The serious spiritual transformation of Ringling is shallow, rushed and predictable. By the very end, it feels phony. Diner conversations about the meaning of life are limpid and meatless: "What matters is how you treat people." "Live a good life. Help people. Meditate. Don't Hurt." And seven days later, a miracle: Otto is transformed.

The comedic aspect falls short, too. Two oddballs, picture Zippy the pinhead and Walter Matthau, leave the planet for seven days to travel in the mash potatoes and gravy of the mid-west.

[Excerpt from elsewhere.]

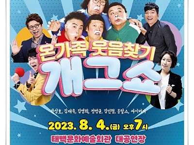 온 가족이 즐길 수 있는 개그 콘서트형 공연, 100분간 진행... 개그, 노래, 춤 등 다양한 볼거리로 즐거움을 선사할 예정... 태백시(시장 이상호)는 문화예술회관 8월 기획공연『온가족 웃음찾기 개그쇼』가 오는 8월 4일 금요일 오후 7시 태백문화예술회관 대공연장에서 개최된다고 밝혔다. 이번 공연은 태백의 대표 축제인 한강·낙동강 발원지 축제 ‘2023…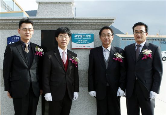 ▲16일 창원시 마산합포구에 있는 배진금속에서 가진 유망중소기업 현판식에서 김창국 경남은행 본부장(왼쪽 두번째)이 조원정 배진금속 대표(왼쪽 세번째) 등 관계자들과 함께 기념촬영하고 있다.

There are some lame scenes where the crimson robed monk is embarrassingly out-of-place (swimming in a Speedo at a Minnesota lake, mini-golfing in Wisconsin) and where Otto struggles in his spiritual awakening (tearing muscles in a yoga class). Amusing possibilities, but Merullo's humor is flat. Bill Bryson's "A Walk in the Woods" interplay with his friend Katz come to mind as far funnier.

In spots, Merullo is very ordinary and humdrum. An entire paragraph devoted to the motel décor in South Bend that depicts Notre Dame football? The observation that football, not Catholicism, is the religion at Notre Dame? C'mon. Cliché. Detailed descriptions of mid-west German restaurants down to the pictures of lederhosen on the walls? Yawn.

Merullo isn't too bad at describing meals. By the time, our boys hit dinner, like ever-famished Otto, we are ready to dive into the New York strip steak and roasted shallots.